がんばれないひと。

統合失調症歴10年。35歳男の雑記です。地元のフリーペーパーの記者をやっています。

ワールドカップをより楽しく観る方法。

極めて個人的な悩みや願望があるとして、

 

サッカーという競技はそれらを反映させなければ、観ていて面白くないものである。

 

一番わかりやすいのは、昨日のスペイン対ポルトガルのクリスチャーナロナウドだ。ハットトリックした。

 

あの3点目のフリーキックが入った瞬間の歓喜は、もし、例えば病気で死にかけている自分の家族の容態が良くなってきたことと重なれば、歓喜が増すのである。

 

これが一番スタンダードなサッカーをより楽しく観る方法である。

 

次に、戦術や個人の技量を単純に観たいがための見方もある。

 

そのためにだって、サッカーに関する知識が常に最新である必要はない。

 

昨日のスペインは、どの選手が出てきてもあのパスサッカーが達成できるだけの各々の技量があった。

 

あのパスまわしはほとんど芸術である。

 

まず日本なんかと比べてみても、

リズムが違う。

 

ワンタッチで来たボールを返すシーンが危なっかしくない。

 

ただ普通であれば、あのパスまわしからは得点が入らなそうにもうつる。

 

最後に強烈なシュートがなければ入らないと思える。

 

しかしスペインのシュートシーンは不思議と繊細だ。

 

緩急だけで相手の逆をつく姿は、

 

相手の力を使って自分の力にする、そういう武術みたいに見えなくもない。
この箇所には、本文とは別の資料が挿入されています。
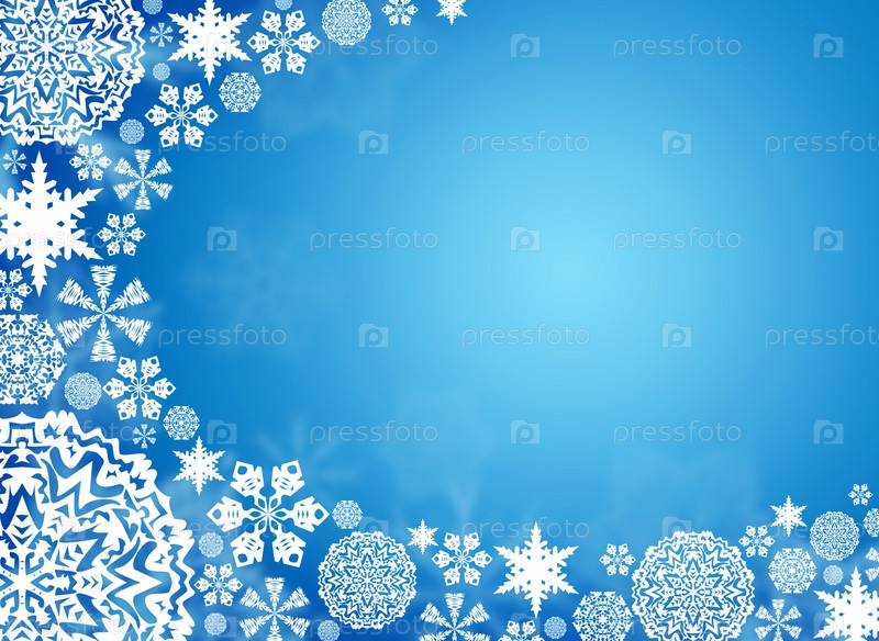 Белые снежинки на синем фоне

選手というより、パスワークの完璧さを楽しむのである。

 

最後に、これがまた玄人の楽しみ方であるが、

 

ハプニングやスーパープレーに注目するという見方がある。

 

過去のワールドカップにはそういうのが付き物だった。

 

マラドーナのドーピング、バッジョのpk失敗、ジダンの頭突き。

 

他にもまだまだたくさんあるだろう。

 

それらは、あの世界が注目するワールドカップで起こるからこそ、観ていて面白いのである。

 

もしかしたら、あれほど全世界の人間が老いも若きも関係なく同時に観るものは、ワールドカップ以外ないかもしれない。

 

トランプ大統領の対北外交ですら、

 

観る人間は限られている。

 

僕はワールドカップを観るときにいつも、昔、イタリアのナポリに旅行に行ったときの光景を思い出す。

 

洗濯物が石畳みの街のカラフルな家々の窓に干されている。その真下で、まだ小さな子供たちがボールを追いかけている。

 

日が暮れるまでそうやって壁にボールを蹴る姿を、中年の母親たちは、夕ご飯を作って見守っている。あの子達も、やはり、今この瞬間遠い遠い日本の狭いアパートでワンセグを観ている僕と同じゴールを観ているのだという想像は、一瞬、気が安らぐものなのである。